Recurrent instability with bone loss remains one of the unsolved challenges in my practice. While it’s hard to argue with the long term results and success of Latarjet reconstruction (both published and personally experienced), there are limitations in terms of graft size and patient selection that remain. Reconstruction is limited to the width of the local coracoid graft in Latarjet and while that addition of the sling effect is beneficial, it is at the cost of severely altered anatomy which presents many future challenges. The return to sports in the highest level athletes also tends to dictate the procedure when all else is equal. Because the return to sport rates, recurrent dislocation rates and time to return to sports tend to favor open Latarjet in this group, that is typically my choice, especially in contact/collision athletes.

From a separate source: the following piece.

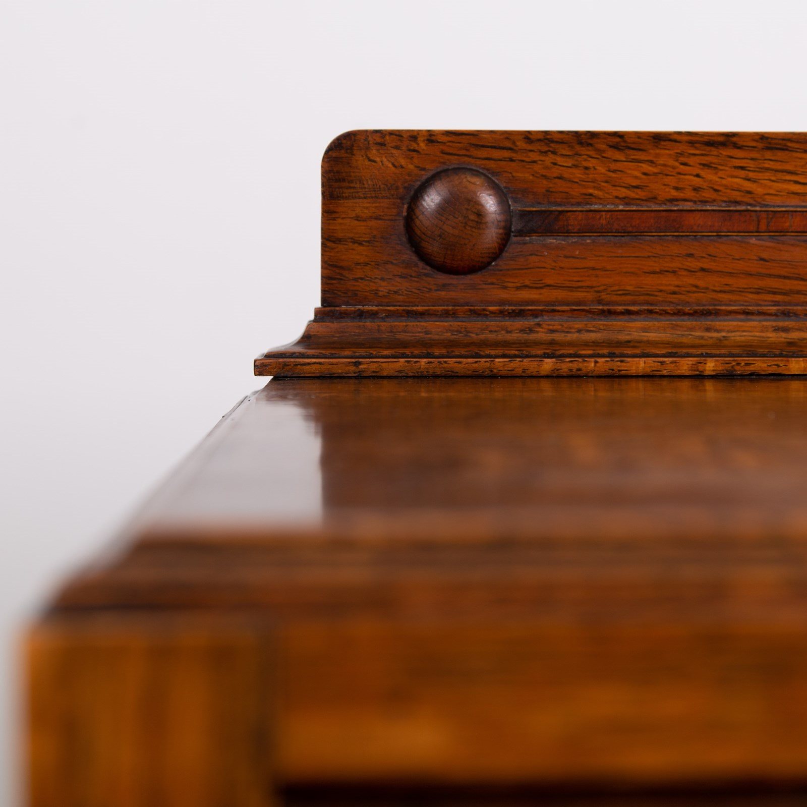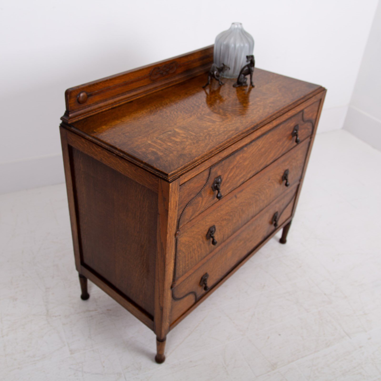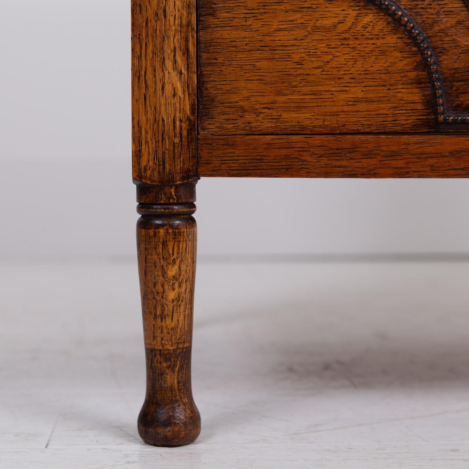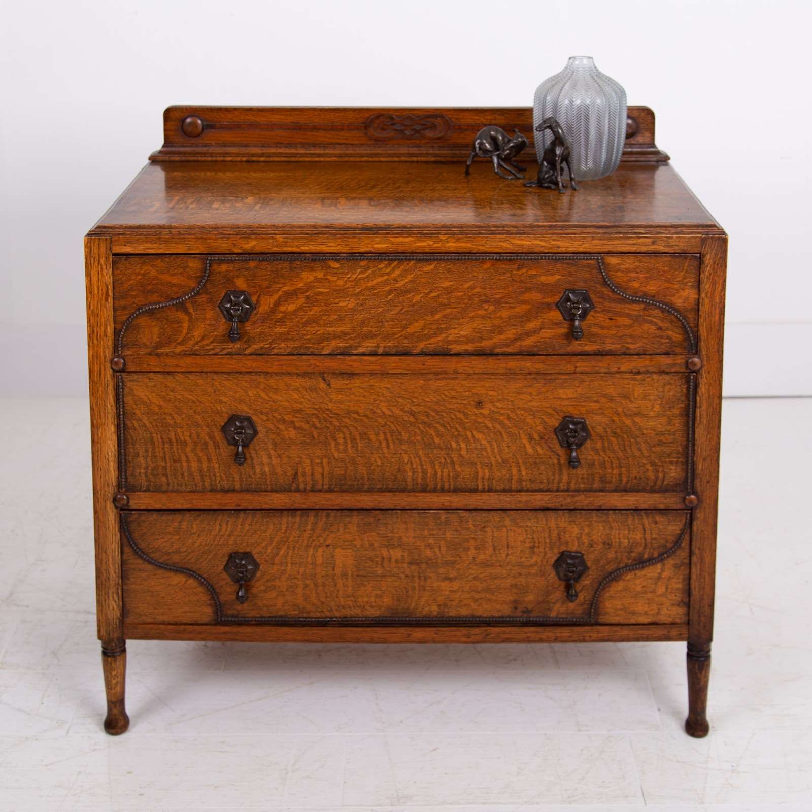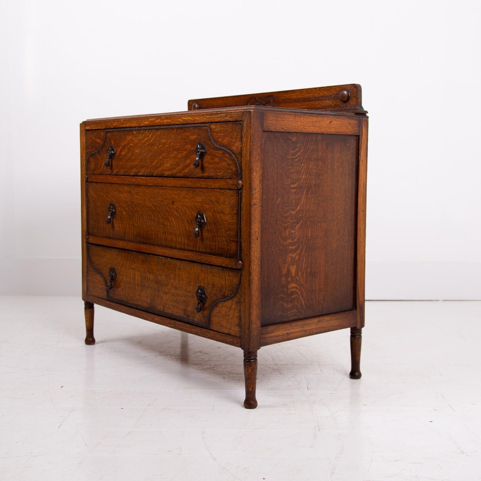 A rather charming little oak of 3 drawers which would slot into a period or modern home with ease. It's an attractive little number with slender oak turned legs supporting 3 deep drawers which are decorated with a trail of small oak beading and cast drop handles.
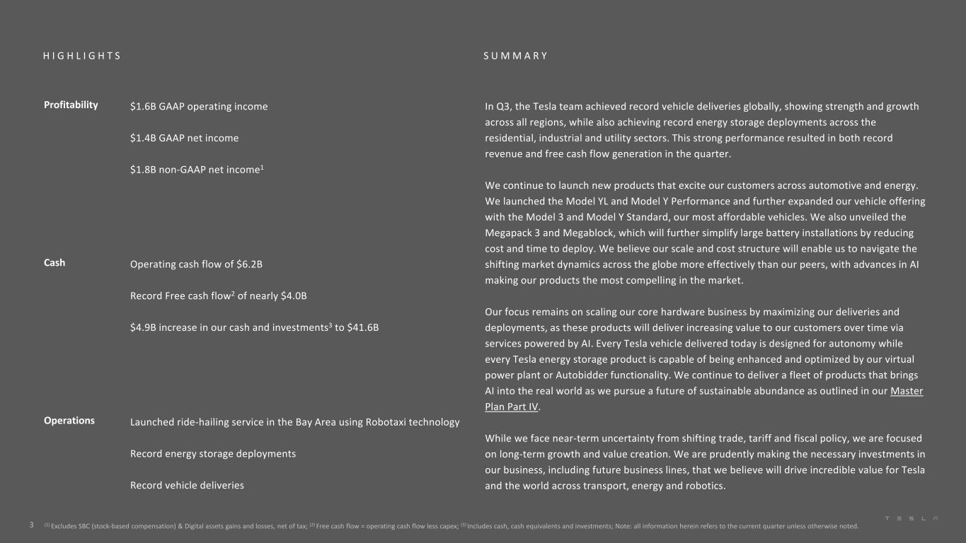 S U M M A R YH I G H L I G H T S (1) Excludes SBC (stock-based compensation) & Digital assets gains and losses, net of tax; (2) Free cash flow = operating cash flow less capex; (3) Includes cash, cash equivalents and investments; Note: all information herein refers to the current quarter unless otherwise noted. Profitability $1.6B GAAP operating income $1.4B GAAP net income $1.8B non-GAAP net income1 In Q3, the Tesla team achieved record vehicle deliveries globally, showing strength and growth across all regions, while also achieving record energy storage deployments across the residential, industrial and utility sectors. This strong performance resulted in both record revenue and free cash flow generation in the quarter. We continue to launch new products that excite our customers across automotive and energy. We launched the Model YL and Model Y Performance and further expanded our vehicle offering with the Model 3 and Model Y Standard, our most affordable vehicles. We also unveiled the Megapack 3 and Megablock, which will further simplify large battery installations by reducing cost and time to deploy. We believe our scale and cost structure will enable us to navigate the shifting market dynamics across the globe more effectively than our peers, with advances in AI making our products the most compelling in the market. Our focus remains on scaling our core hardware business by maximizing our deliveries and deployments, as these products will deliver increasing value to our customers over time via services powered by AI. Every Tesla vehicle delivered today is designed for autonomy while every Tesla energy storage product is capable of being enhanced and optimized by our virtual power plant or Autobidder functionality. We continue to deliver a fleet of products that brings AI into the real world as we pursue a future of sustainable abundance as outlined in our Master Plan Part IV. While we face near-term uncertainty from shifting trade, tariff and fiscal policy, we are focused on long-term growth and value creation. We are prudently making the necessary investments in our business, including future business lines, that we believe will drive incredible value for Tesla and the world across transport, energy and robotics. Cash Operating cash flow of $6.2B Record Free cash flow2 of nearly $4.0B $4.9B increase in our cash and investments3 to $41.6B Operations Launched ride-hailing service in the Bay Area using Robotaxi technology Record energy storage deployments Record vehicle deliveries 3

In recreational athletes, laborers, seizure disorder patients, and those with defects too large to be reconstructed with the local coracoid, I favor AAGR with allograft. In either case, extreme attention to detail with accurate graft placement and solid fixation with screws is mandatory. In both procedures, what has become clear is that resorption is common, especially when the graft exceeds the native glenoid size and that does not necessarily affect clinical outcomes. Both procedures are highly effective at solving the recurrent instability problem which is the primary goal and it is up to us as surgeons to offer our patients the procedures we can reliably perform with their best interest in mind. And ultimately it is our responsibility to take advantage of all of the many learning tools available to us to become better for our patients.